July 2, 2010
By William Stearns and Kent Overstreet
Kent Overstreet has been working on bcache, which is a Linux kernel
module intended to improve the performance of block devices.
Instead of using just memory to cache hard drives, he proposes
to use one or more solid-state storage devices (SSDs) to cache block data
(hence bcache, a block device cache).
The code is largely filesystem agnostic as long as the
filesystem has an embedded UUID (which includes the standard Linux
filesystems and swap devices). When data is read from the hard drive, a
copy is saved to the SSD. Later, when one of those sectors needs to be
retrieved again, the kernel checks to see if it's still in page cache. If so,
the read comes from RAM just like it always has on Linux. If it's not
in RAM but it is on the SSD, it's read from there. It's like we've added
64GB or more of - slower - RAM to the system and devoted it to
caching.
The design of bcache allows the use of more than one SSD to
perform caching. It is also possible to cache more than one existing
filesystem,
or choose instead to just cache a small number of performance-critical
filesystems. It would be perfectly reasonable to cache a partition used
by a database manager, but not cache a large filesystem holding archives of old
projects. The standard Linux page cache can be wiped out
by copying a few large (near the size of your system RAM) files. Large
file copies on that project archive partition won't wipe out an SSD-based cache
using bcache.
Another potential use is using local media to cache remote
disks. You could use an existing partition/drive/loopback device to
cache any of the following: AOE (ATA-over-Ethernet) drive, SAN LUN, DRBD
or NBD remote drives, iSCSI drives, local CD, or local (slow) USB thumb
drives. The local cache wouldn't have to be an SSD, it would just have
to be faster than the media you're caching.

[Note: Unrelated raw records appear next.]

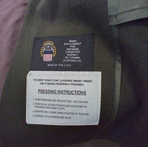 Size 37R. Contact for measurements. Green. Has pockets and belt. Missing pin on top shoulder.
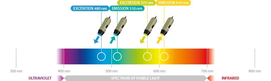 De AM4115T-GRFBY kan de lichtbron wisselen van de 480nm excitatie LEDs naar de witte 575nm LED, wat handig is voor dual color stained fluorescentie. Al deze factoren maken de AM4115T-GRFBY de kleinste fluorescentiemicroscoop ter wereld, geschikt voor vele toepassingen en het zichtbaar maken van een breed fluorescentiespectrum.
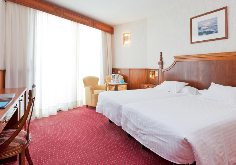 Die Zimmer setzen auf Ruhe und klare Funktionalität: schalldämmende Fenster, Parkettboden, Klimaanlage und kostenloses WLAN. Sat-TV, Safe und Minibar runden den Komfort ab. Das Bad ist mit Badewanne ausgestattet; in den Deluxe-Zimmern ergänzt eine Regendusche das Setup, in Superior-Zimmern eine Hydromassage-Badewanne.
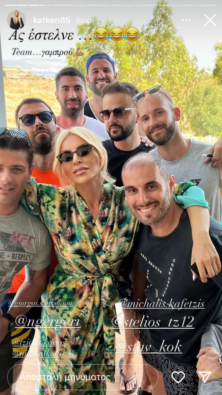 Έγινε η κουμπάρα του ζευγαριού σε μια πολύ όμορφη και χαρούμενη τελετή στην Κεφαλονιά. Από την Πέμπτη έφτασε στο νησί μαζί με φίλους και συνεργάτες για την τελετή και το γαμήλιο πάρτι. Ενώ δεν σταμάτησε να δημοσιεύει φωτογραφίες και βίντεο με λεπτομέρειες από το bachlorette της κουμπάρας της. Αλλά και φωτογραφίες από τον γάμο και το φανταστικό γαμήλιο πάρτι που οργανώθηκε στην παραλία.
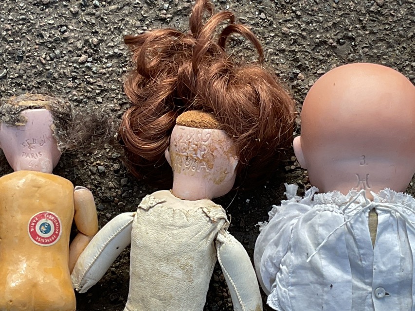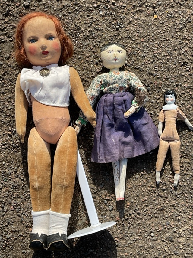 Four porcelain head dolls, a miniature with cloth body, SFBJ - Paris with sleeping eyes and articulated composition body, Theodor Recknagel with jointed kid body, a 20s Herman Steiner baby doll with sleeping eyes, a 30s Norah Wellings cloth doll, and a peg-jointed painted wood doll. (6)

Note that this type of caching is only for block devices
(anything that shows up as a block device in /dev/). It isn't for
network filesystems like NFS, CIFS, and so on (see the FS-cache module for the
ability to cache individual files on an NFS or AFS client).
Implementation
To intercept filesystem operations, bcache hooks into the top
of the block layer, in __generic_make_request(). It thus works
entirely in terms of BIO structures.
By hooking into the sole function through which all disk
requests pass, bcache doesn't need to make any changes to block device naming
or filesystem mounting. If /dev/md5 was originally mounted on
/usr/, it
continues to show up as /dev/md5 mounted on /usr/ after
bcache is
enabled for it. Because the caching is transparent, there are no
changes to the boot process; in fact, bcache could be turned on long
after the system is up and running. This approach of intercepting bio
requests in the background allows us to start and stop caching on the
fly, to add and remove cache devices, and to boot with or without
bcache.
bcache's design focuses on avoiding random writes and playing
to SSD's strengths. Roughly, a cache device is divided up into buckets,
which are intended to match the physical disk's erase blocks. Each
bucket has an eight-bit generation number which is maintained in a separate
array
on the SSD just past the superblock. Pointers (both to btree buckets
and to cached data) contain the generation number of the bucket they
point to; thus to free and reuse a bucket, it is sufficient to increment
the generation number.
This mechanism allows bcache keep the cache device completely
full; when it wants to write some new data, it just picks a bucket,
increments its generation number, invalidating all the existing pointers to
it. Garbage collection will remove the actual pointers eventually; there
is no need for backpointers or any other infrastructure.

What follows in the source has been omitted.